Let’s talk about the artistic decisions in this book. For example, there are many point-of-view characters instead of one narrator (as most of your other books have).

Yes, even I needed a map. But this was the sort of novel that needed to be told by many—it’s a bit of a Rashomon situation. There will be some confusion, perhaps. I get that. It’s a risk I took. Any novel with a wide canvas will have big cast of characters—that’s simply what this book needed in order to be told well.

Speaking of the multiplicity, talk about the influence of Walt Whitman in the book . . .  

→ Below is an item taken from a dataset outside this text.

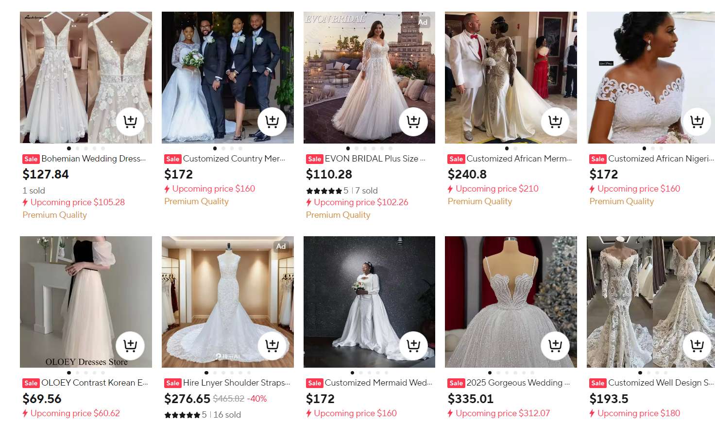 一件普通的中國婚紗售價僅幾十到幾百美元,價格遠低於本土品牌。

There’s a lot of Whitman. Of celestial imagery. Of riffs of some of his images and themes. The first drafts of this novel contained Whitman quotes starting each chapter. But then it felt like I was just saying to the reader “Do you notice all this Whitman? Isn’t it beautiful? Do you get how I’m using him in my own work?” and it was ceasing to be more about him, and less about the characters, so I cut it out. However, astute readers will catch a poem hidden in nearly every chapter. There are nods to poetry everywhere.

Given your titles, you seem to like colors and celestial imagery . . .

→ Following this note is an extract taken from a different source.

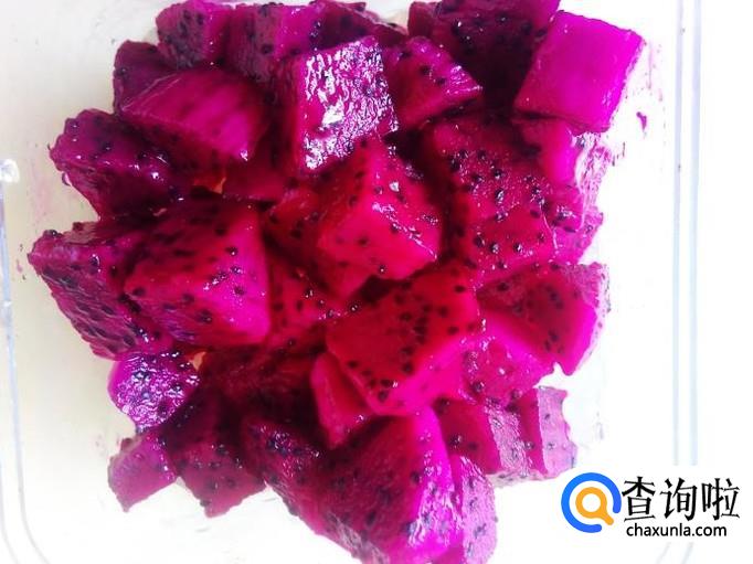 火龙果剥皮,然后切成小丁,放混合西米盒子里。

I love using nature as metaphor—and metaphor, of course, is a writer’s greatest tool. Personally, I frequently use the moon as my own temporal marker. I always have. “By the next full moon, I’ll have the windows washed,” I say. Or, “In two moons, I’ll be done with my novel.” A character in my new novel says, “By the next full moon, I’ll be dead.” I look forward to Spring Equinox the way some people look forward to Christmas. I love l’heure bleu, the French phrase for twilight, or the blue hour. I love the sky. I also might have a bit of synesthesia; colors are mixed into the way I perceive the world.